Big Data – Publication

search analytics copy
The client was facing issues in storing the growing data generated, especially since data can accumulate to gigabytes and even terabytes in a relatively short period.
Client Overview
The client is a California-based publication house having 1800 publishers that generate digital data logs in terabytes. They generate on-demand reports or graphs with the help of data collected to develop and incorporate new business strategies and direct planning for the future.
Agile Soft Systems provided the Big Data empowered solution for the client.

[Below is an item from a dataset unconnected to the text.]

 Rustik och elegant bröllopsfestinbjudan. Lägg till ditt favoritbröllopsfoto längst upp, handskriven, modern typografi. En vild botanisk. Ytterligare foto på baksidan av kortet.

To help them solve the scalability issue and make their system highly available.
The system helps the client to handle the large amount of data and keep scaling the storage as per the business growth.

Project Details

Challenges They were Facing!

Business Challenges

The client collects the data in the form of logs w.r.t. different transactions. The acquisition, storage, access, and analysis of digital information provide knowledge and strategic insights to all higher management of each publisher. Each time users visit a website or make a transaction, the company can log everything they do; every link they click, each form they submit, what time they log in and out, any errors we encounter, and just about anything else they can imagine. With the increase in the business data, the client was facing processing it in their existing system.

Technical Challenges

The existing system client collects the logs, parses them, and gets stored in RDBMS. Various BI reports were extracted from RDBMS data. With the increase in business, it is the storage and access aspects (requisites for later BI analytics) that started imposing challenges on how to store this growing data. Data management becomes a greater obstacle as more and more data needs to be collected and stored. As the size of data sets was getting increased, it was possible to run out of space on a single system.

What We Delivered!

Experts at AgileSoft Systems studied the existing data flow and the rate getting generated on a regular basis. Then we came up with a system that can handle a larger amount of data and keep scaling to keep up with growth and that can provide the input/output operations per second (IOPS) necessary to deliver data to analytic tools. We chose the Hadoop ecosystem, which not only solved the scalability issue but also made the system highly available.